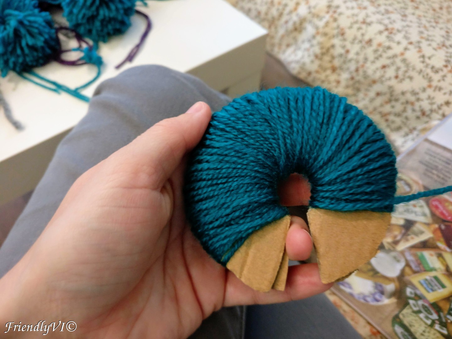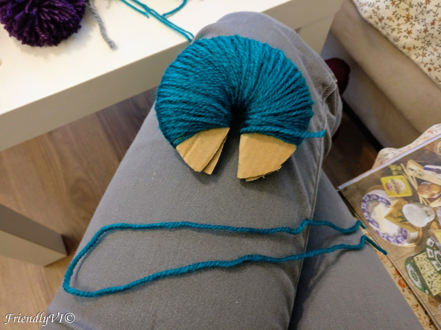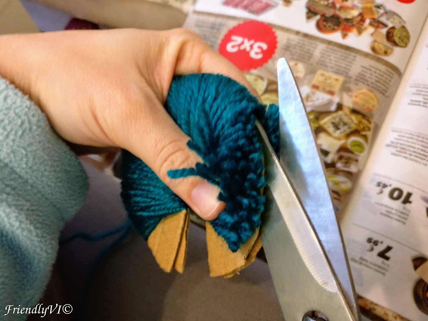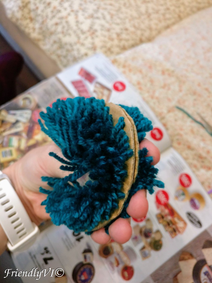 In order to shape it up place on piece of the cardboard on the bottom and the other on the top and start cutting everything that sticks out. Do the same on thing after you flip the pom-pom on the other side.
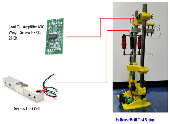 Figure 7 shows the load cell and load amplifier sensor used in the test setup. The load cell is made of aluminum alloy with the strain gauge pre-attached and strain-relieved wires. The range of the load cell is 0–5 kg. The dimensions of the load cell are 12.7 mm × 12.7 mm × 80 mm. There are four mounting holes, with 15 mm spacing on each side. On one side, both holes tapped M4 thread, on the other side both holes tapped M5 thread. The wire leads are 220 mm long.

§

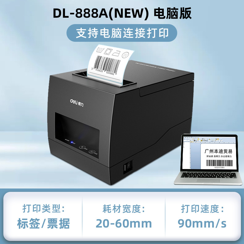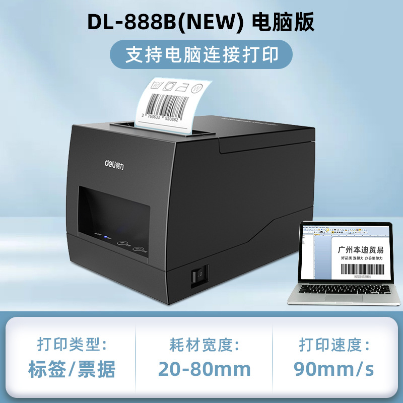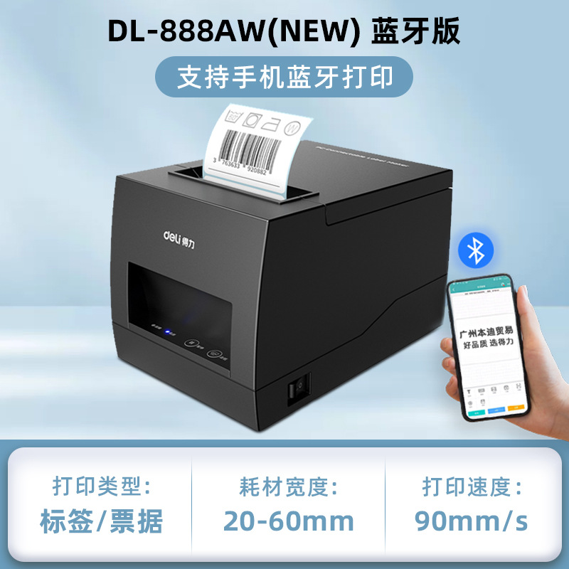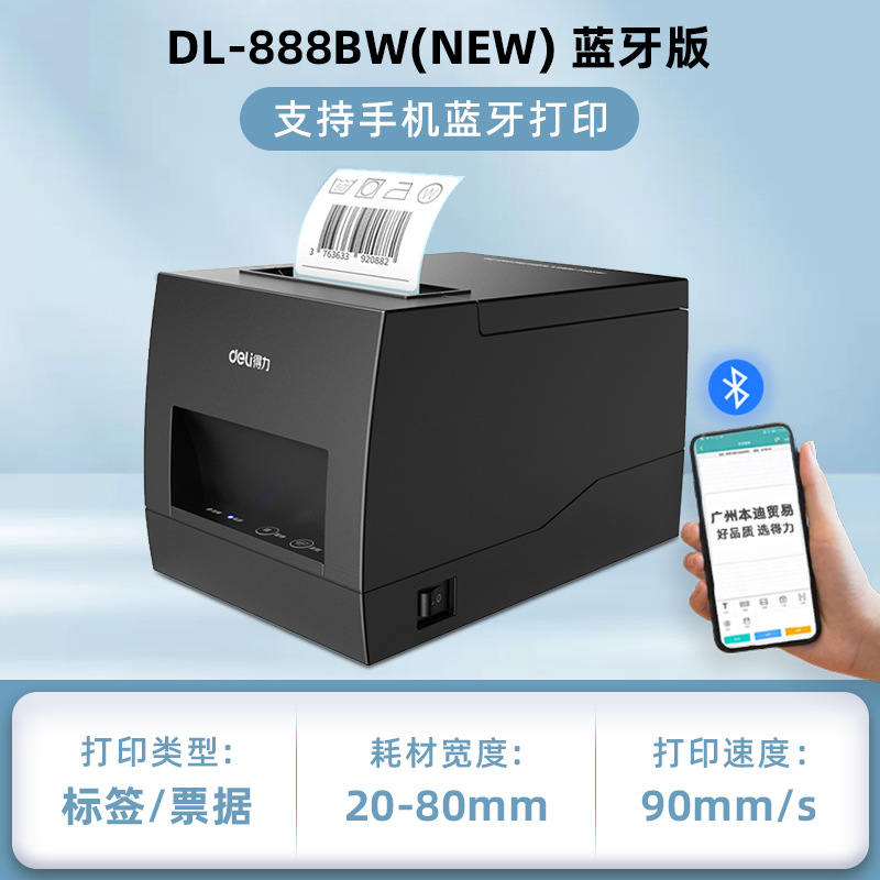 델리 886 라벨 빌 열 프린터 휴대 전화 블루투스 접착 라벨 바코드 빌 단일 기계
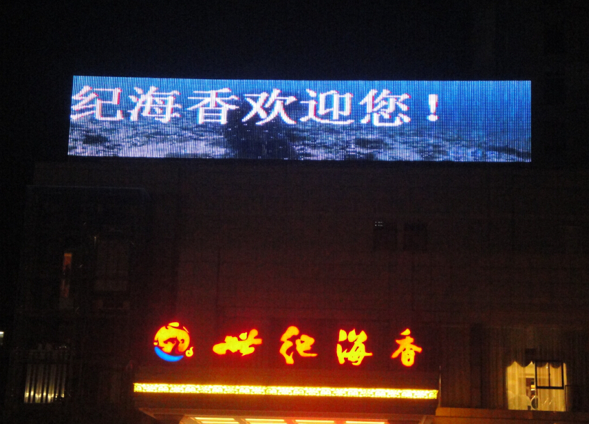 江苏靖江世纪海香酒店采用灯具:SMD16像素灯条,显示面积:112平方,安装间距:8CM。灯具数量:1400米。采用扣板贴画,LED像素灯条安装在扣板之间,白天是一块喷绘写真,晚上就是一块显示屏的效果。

§

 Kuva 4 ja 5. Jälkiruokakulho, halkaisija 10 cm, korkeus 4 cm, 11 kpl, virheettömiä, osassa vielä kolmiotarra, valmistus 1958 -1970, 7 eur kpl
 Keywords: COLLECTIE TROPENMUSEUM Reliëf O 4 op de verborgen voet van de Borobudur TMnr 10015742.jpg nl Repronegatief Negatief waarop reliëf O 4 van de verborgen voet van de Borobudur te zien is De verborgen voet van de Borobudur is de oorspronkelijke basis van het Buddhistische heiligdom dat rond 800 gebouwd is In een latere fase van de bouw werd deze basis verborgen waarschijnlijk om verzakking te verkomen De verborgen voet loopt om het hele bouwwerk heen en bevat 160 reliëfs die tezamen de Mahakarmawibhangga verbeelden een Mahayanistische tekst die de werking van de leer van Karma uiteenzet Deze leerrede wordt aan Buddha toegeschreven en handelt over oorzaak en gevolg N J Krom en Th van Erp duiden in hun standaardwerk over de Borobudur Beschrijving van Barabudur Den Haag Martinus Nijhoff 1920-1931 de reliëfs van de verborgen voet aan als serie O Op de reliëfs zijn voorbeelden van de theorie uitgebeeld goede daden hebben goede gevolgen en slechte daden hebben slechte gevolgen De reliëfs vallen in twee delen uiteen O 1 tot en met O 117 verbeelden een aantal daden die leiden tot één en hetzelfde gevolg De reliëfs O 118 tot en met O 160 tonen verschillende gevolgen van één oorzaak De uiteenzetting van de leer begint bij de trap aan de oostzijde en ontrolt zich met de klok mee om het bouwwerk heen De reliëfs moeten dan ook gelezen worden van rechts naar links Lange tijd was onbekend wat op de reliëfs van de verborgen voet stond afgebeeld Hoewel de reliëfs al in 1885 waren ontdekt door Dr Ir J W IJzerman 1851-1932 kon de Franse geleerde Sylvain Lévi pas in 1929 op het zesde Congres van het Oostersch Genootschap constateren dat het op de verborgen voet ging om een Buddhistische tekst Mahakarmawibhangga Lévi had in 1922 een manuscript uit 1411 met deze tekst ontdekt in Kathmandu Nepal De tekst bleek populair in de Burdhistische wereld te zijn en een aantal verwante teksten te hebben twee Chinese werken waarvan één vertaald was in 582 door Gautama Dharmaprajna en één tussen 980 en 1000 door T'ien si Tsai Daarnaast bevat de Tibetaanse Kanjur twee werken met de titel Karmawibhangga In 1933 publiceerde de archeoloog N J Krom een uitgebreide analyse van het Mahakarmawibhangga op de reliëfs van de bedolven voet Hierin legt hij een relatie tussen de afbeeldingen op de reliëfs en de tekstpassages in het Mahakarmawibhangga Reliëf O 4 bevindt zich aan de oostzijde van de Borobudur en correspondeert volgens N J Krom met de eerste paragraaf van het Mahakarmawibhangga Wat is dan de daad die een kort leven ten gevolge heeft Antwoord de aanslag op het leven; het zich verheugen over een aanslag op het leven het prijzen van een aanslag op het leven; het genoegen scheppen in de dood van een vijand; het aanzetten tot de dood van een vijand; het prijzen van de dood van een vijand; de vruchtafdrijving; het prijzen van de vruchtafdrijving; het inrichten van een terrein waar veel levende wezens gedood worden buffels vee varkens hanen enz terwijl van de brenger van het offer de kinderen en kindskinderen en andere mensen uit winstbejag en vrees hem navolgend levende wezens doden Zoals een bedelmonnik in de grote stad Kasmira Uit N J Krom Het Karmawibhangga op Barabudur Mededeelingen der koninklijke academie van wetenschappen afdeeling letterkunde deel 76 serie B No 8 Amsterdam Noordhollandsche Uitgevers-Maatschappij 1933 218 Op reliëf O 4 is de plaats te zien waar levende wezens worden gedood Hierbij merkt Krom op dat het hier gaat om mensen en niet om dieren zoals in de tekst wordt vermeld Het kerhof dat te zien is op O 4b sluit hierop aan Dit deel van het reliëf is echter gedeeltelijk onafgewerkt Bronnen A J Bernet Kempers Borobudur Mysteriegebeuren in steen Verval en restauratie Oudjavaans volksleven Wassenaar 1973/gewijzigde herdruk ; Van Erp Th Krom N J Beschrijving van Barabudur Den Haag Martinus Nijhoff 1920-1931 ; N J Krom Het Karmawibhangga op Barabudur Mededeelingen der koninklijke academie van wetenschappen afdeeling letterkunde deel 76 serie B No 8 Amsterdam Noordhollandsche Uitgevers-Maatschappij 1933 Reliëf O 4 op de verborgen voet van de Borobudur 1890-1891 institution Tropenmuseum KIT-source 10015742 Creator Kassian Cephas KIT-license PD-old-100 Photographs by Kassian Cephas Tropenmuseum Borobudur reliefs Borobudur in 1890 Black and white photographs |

§

For this exercise, please set down exactly the lines of the listing above from the line with "In order to" up to and including the line with "Figure 7 shows", and no pictures.

Answer box:
 In order to shape it up place on piece of the cardboard on the bottom and the other on the top and start cutting everything that sticks out. Do the same on thing after you flip the pom-pom on the other side.
 Figure 7 shows the load cell and load amplifier sensor used in the test setup. The load cell is made of aluminum alloy with the strain gauge pre-attached and strain-relieved wires. The range of the load cell is 0–5 kg. The dimensions of the load cell are 12.7 mm × 12.7 mm × 80 mm. There are four mounting holes, with 15 mm spacing on each side. On one side, both holes tapped M4 thread, on the other side both holes tapped M5 thread. The wire leads are 220 mm long.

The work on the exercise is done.